WHAT THE TASK REQUIRES:
Below are the records; return every line from the one that contains "A silver cased" to the last, exactly, skipping the pictures.

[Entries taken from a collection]
+-------+

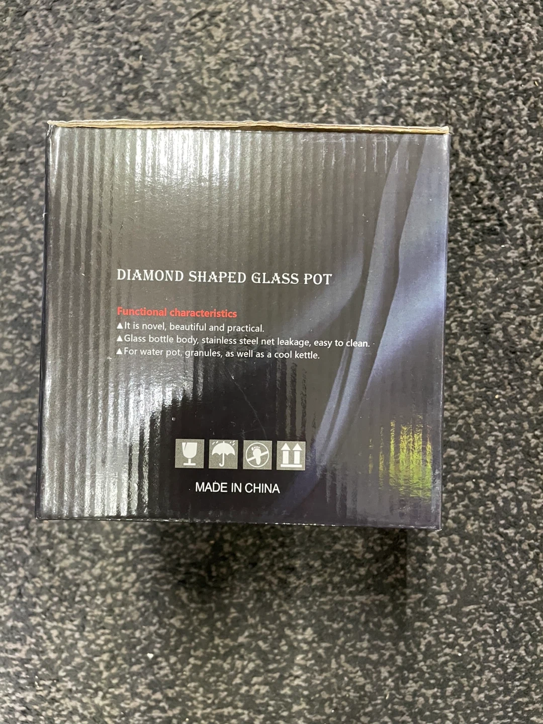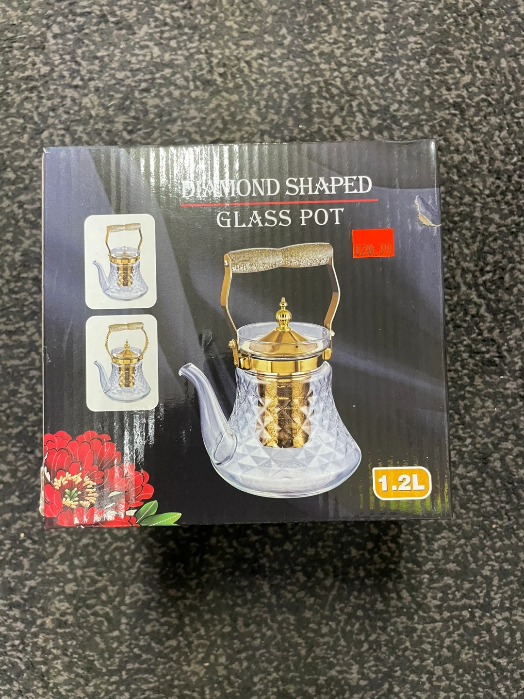 I'm selling a diamond shaped glass pot with a 1.2L capacity. It features a glass bottle body and a stainless steel net for easy cleaning and prevents leakage. It's suitable for water, granules, or even as a cool kettle. The original price was $25.99. It's a novel, beautiful, and practical addition to your kitchen
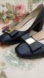 Cole Haan Black Block Heels with Bow and Gold Plaque Accent Women's size 9.5
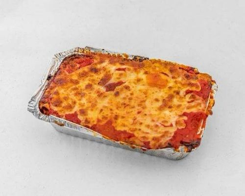 Lasagna, choice of cake, soft drink can
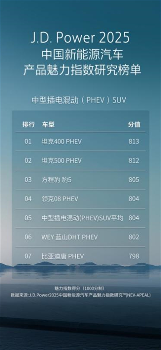 近日,在J.D.Power君迪最新發布的《2025中國新能源汽車產品魅力指數研究SM(NEV-APEAL)》中,坦克400 Hi4-T摘得中型插電混動(PHEV)SUV細分市場桂冠。這一獎項不僅是對坦克400 Hi4-T兼具硬核性能與綜合魅力的認可,更標志著硬派越野車在新能源時代的價值破圈。
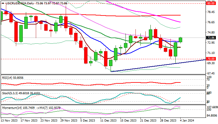WTI原油价格在周四早些时候进一步上涨,延续周三3.5%的涨幅,录得11月17日以来最大涨幅。 利比亚最大的油田之一被关闭导致基本面恶化,以巴战争引发的紧张局势加剧,这些都抬高了油价。 美国原油库存降
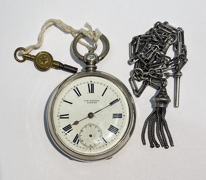 A silver cased key wind open faced pocket watch with a jewelled cylinder movement, the enamelled dial detailed J. W. Benson, London, London 1882, with a key, also a watch chain with a tassel pendant
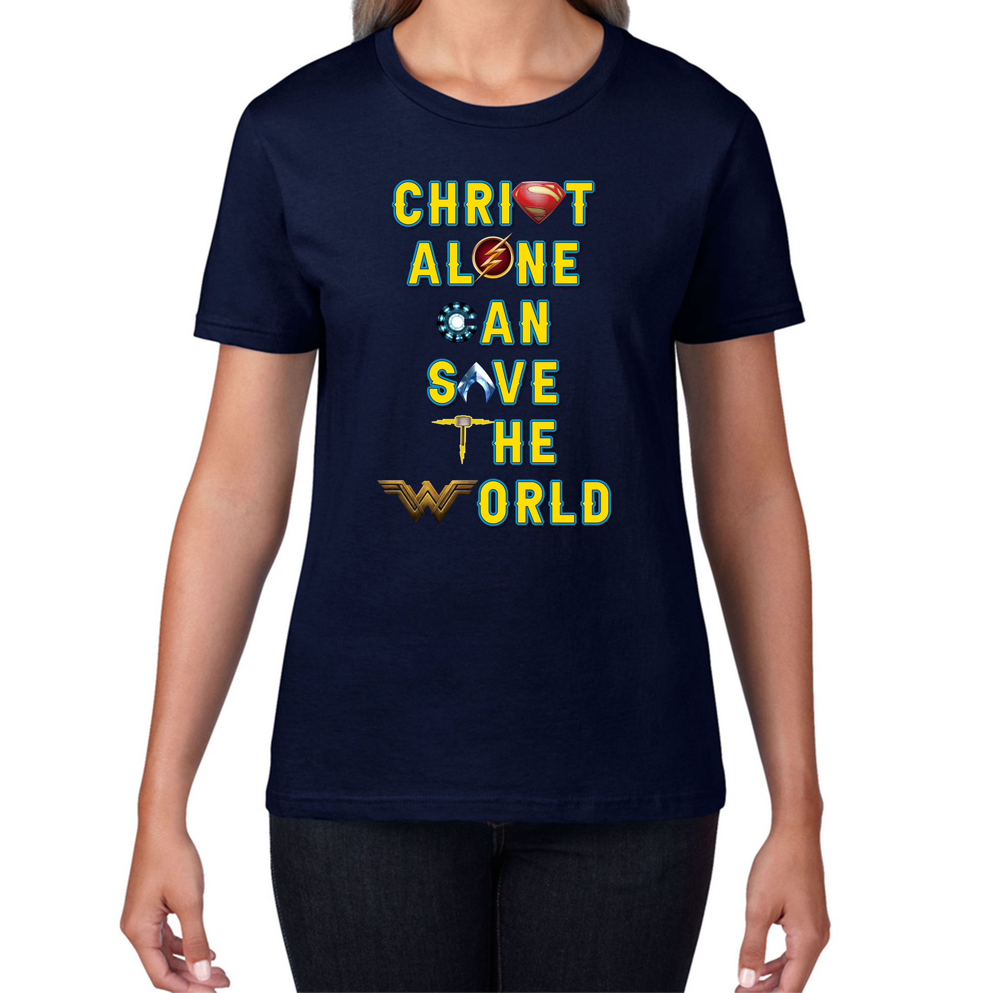 Showcase your faith with the "Christ Alone Can Save The World" ladies' T-shirt. This shirt features a profound and uplifting message, making it perfect for women who wish to express their beliefs with style and grace. Ideal for casual wear, church events, or spiritual gatherings, it combines a meaningful design with a flattering fit.
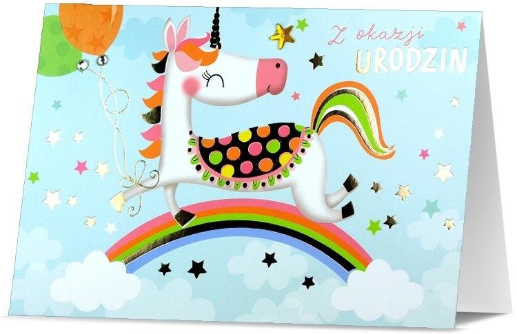 Karnet okolicznościowy B6 z kopertą.Kolorowy i wesoły karnet z przestrzenną aplikacją i miejscem na życzenia w środku. číst celé
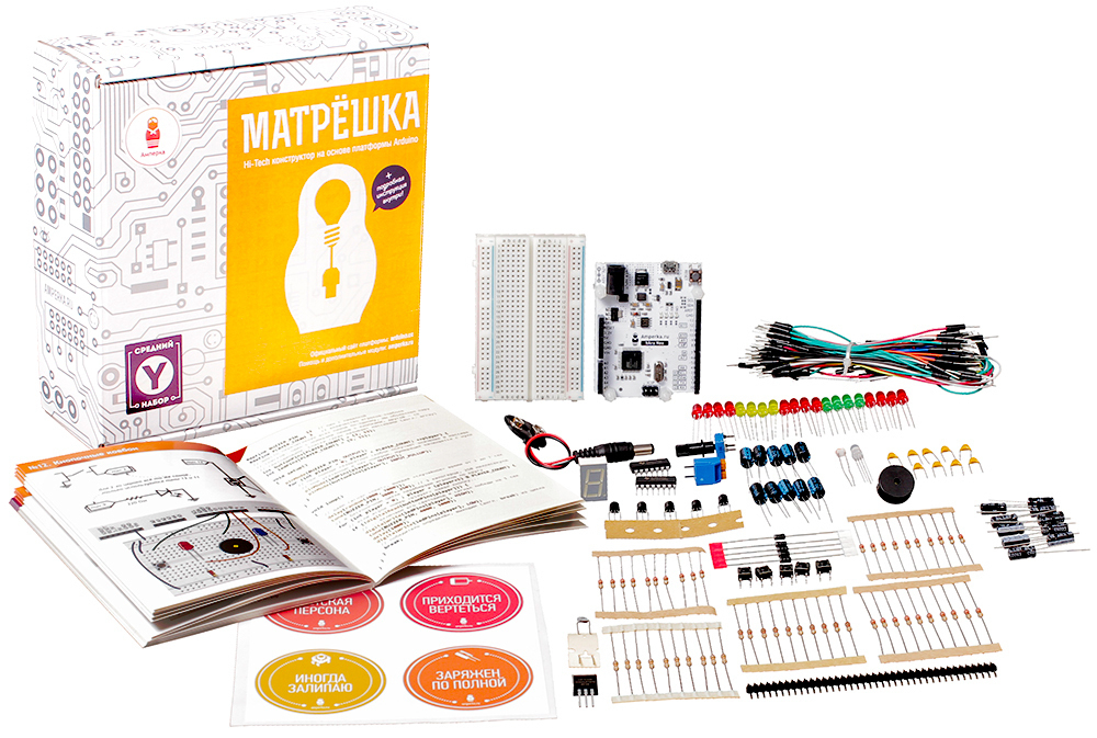 Комплектация «Матрёшка Y» содержит всё необходимое, чтобы собрать 17 из них. Вы можете рассмотреть комплектацию «Матрёшка Z»: она содержит больше деталей, а потому позволяет собрать все 20 устройств.

+-------+

TASK RESULT:
 A silver cased key wind open faced pocket watch with a jewelled cylinder movement, the enamelled dial detailed J. W. Benson, London, London 1882, with a key, also a watch chain with a tassel pendant
 Showcase your faith with the "Christ Alone Can Save The World" ladies' T-shirt. This shirt features a profound and uplifting message, making it perfect for women who wish to express their beliefs with style and grace. Ideal for casual wear, church events, or spiritual gatherings, it combines a meaningful design with a flattering fit.
 Karnet okolicznościowy B6 z kopertą.Kolorowy i wesoły karnet z przestrzenną aplikacją i miejscem na życzenia w środku. číst celé
 Комплектация «Матрёшка Y» содержит всё необходимое, чтобы собрать 17 из них. Вы можете рассмотреть комплектацию «Матрёшка Z»: она содержит больше деталей, а потому позволяет собрать все 20 устройств.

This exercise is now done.